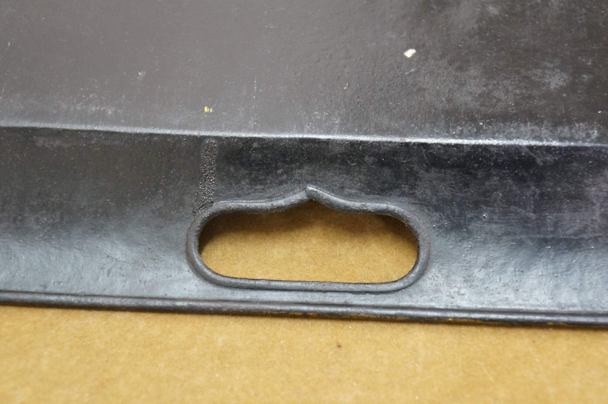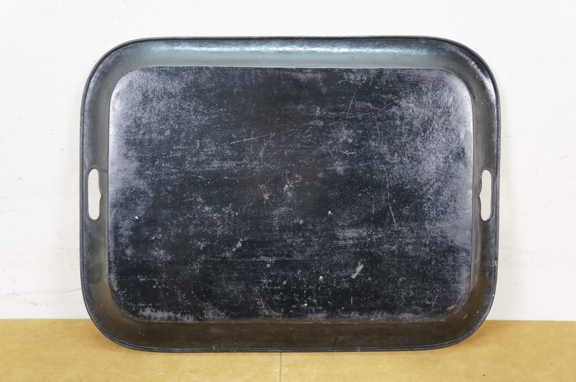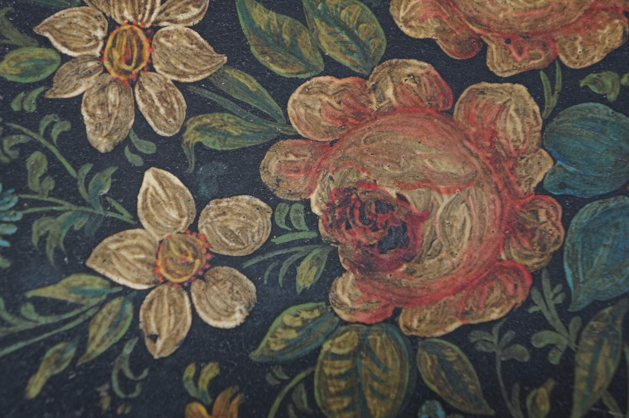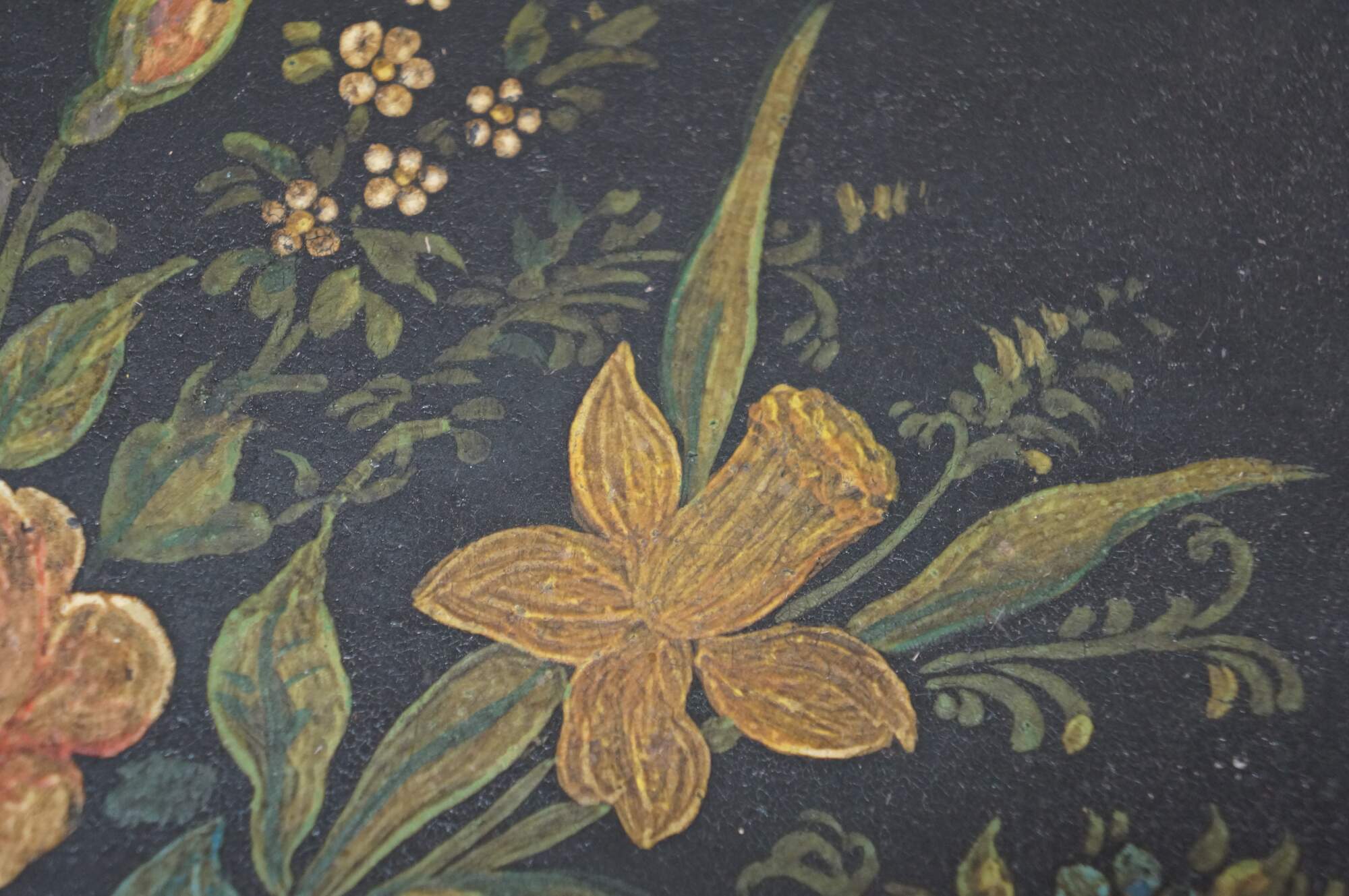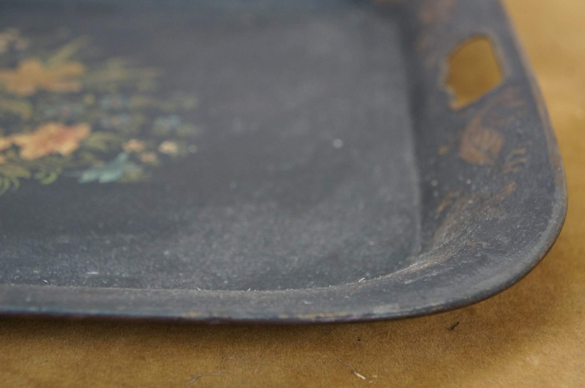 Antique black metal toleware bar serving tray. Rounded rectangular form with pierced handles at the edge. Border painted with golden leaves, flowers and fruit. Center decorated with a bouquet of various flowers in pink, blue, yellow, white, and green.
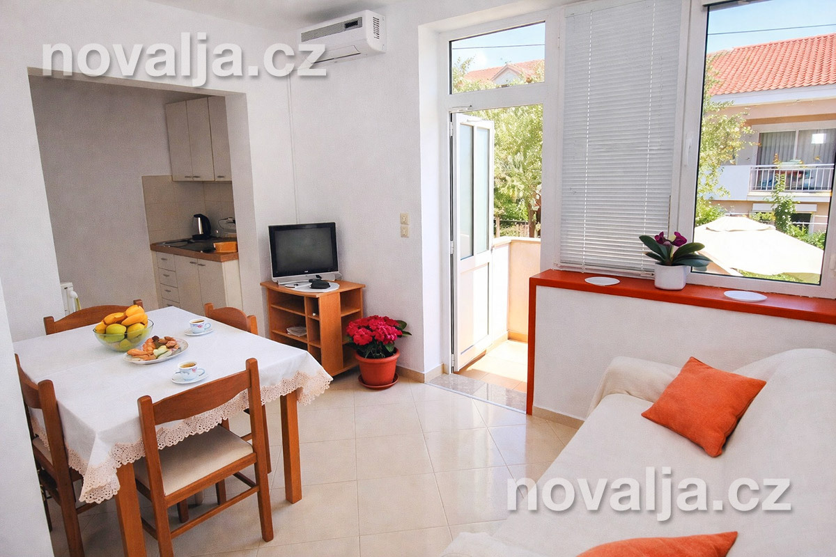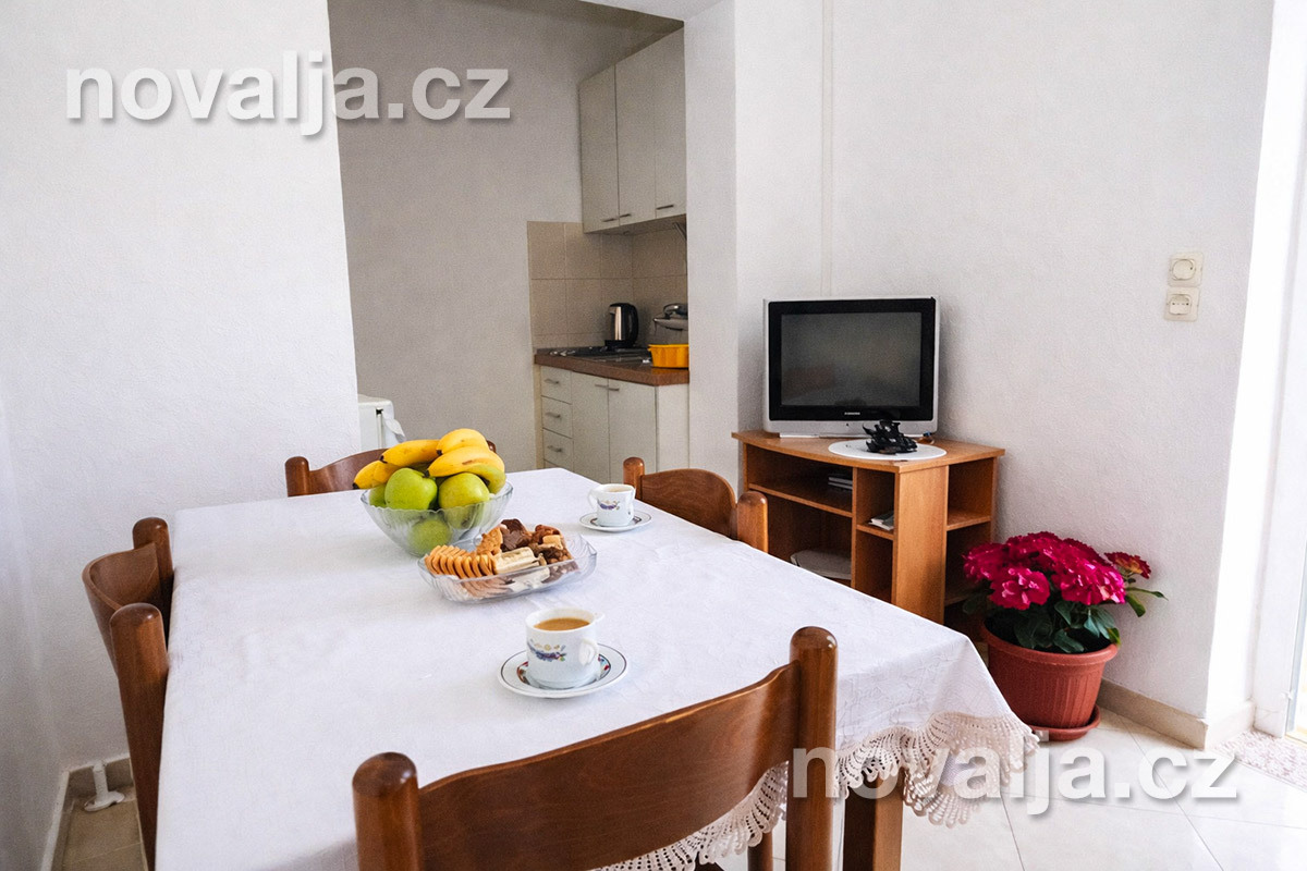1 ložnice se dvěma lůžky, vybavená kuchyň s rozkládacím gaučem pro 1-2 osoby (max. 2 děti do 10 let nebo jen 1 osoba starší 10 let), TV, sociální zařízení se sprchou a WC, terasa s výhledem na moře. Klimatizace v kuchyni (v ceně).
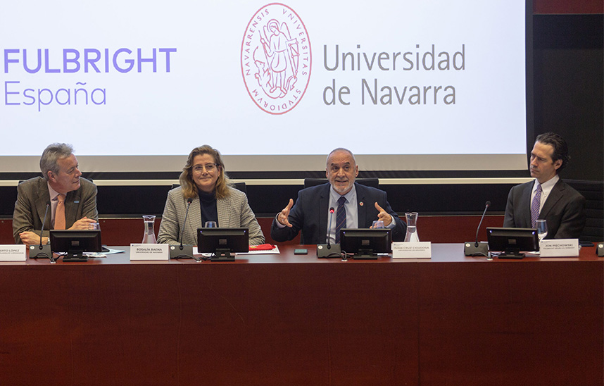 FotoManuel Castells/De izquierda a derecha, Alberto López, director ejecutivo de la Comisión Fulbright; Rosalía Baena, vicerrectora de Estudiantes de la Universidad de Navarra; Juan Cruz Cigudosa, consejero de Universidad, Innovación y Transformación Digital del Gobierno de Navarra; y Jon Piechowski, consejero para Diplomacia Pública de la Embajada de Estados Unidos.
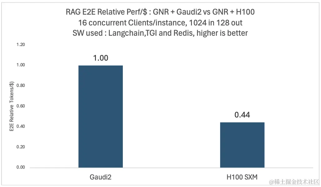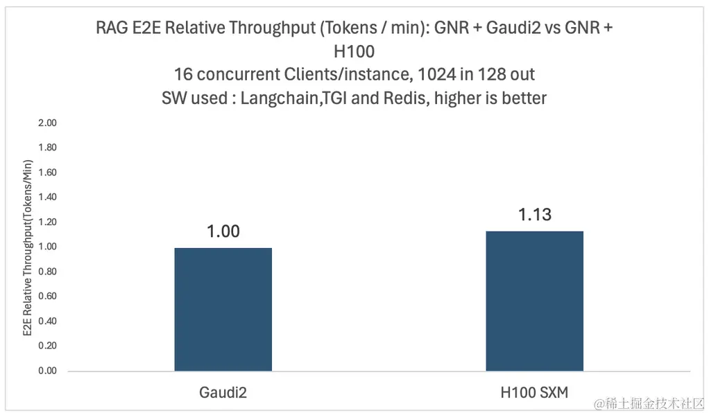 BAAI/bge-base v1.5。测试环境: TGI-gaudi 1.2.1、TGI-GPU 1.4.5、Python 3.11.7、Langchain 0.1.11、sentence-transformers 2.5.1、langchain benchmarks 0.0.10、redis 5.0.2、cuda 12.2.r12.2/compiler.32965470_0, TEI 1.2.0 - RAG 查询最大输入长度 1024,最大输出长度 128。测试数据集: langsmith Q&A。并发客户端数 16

DIRECTIONS FOR THIS TASK: Return the material word for word. Pictures are not part of the copy.

FINISHED EXERCISE:
 Antique black metal toleware bar serving tray. Rounded rectangular form with pierced handles at the edge. Border painted with golden leaves, flowers and fruit. Center decorated with a bouquet of various flowers in pink, blue, yellow, white, and green.
1 ložnice se dvěma lůžky, vybavená kuchyň s rozkládacím gaučem pro 1-2 osoby (max. 2 děti do 10 let nebo jen 1 osoba starší 10 let), TV, sociální zařízení se sprchou a WC, terasa s výhledem na moře. Klimatizace v kuchyni (v ceně).
 FotoManuel Castells/De izquierda a derecha, Alberto López, director ejecutivo de la Comisión Fulbright; Rosalía Baena, vicerrectora de Estudiantes de la Universidad de Navarra; Juan Cruz Cigudosa, consejero de Universidad, Innovación y Transformación Digital del Gobierno de Navarra; y Jon Piechowski, consejero para Diplomacia Pública de la Embajada de Estados Unidos.
 BAAI/bge-base v1.5。测试环境: TGI-gaudi 1.2.1、TGI-GPU 1.4.5、Python 3.11.7、Langchain 0.1.11、sentence-transformers 2.5.1、langchain benchmarks 0.0.10、redis 5.0.2、cuda 12.2.r12.2/compiler.32965470_0, TEI 1.2.0 - RAG 查询最大输入长度 1024,最大输出长度 128。测试数据集: langsmith Q&A。并发客户端数 16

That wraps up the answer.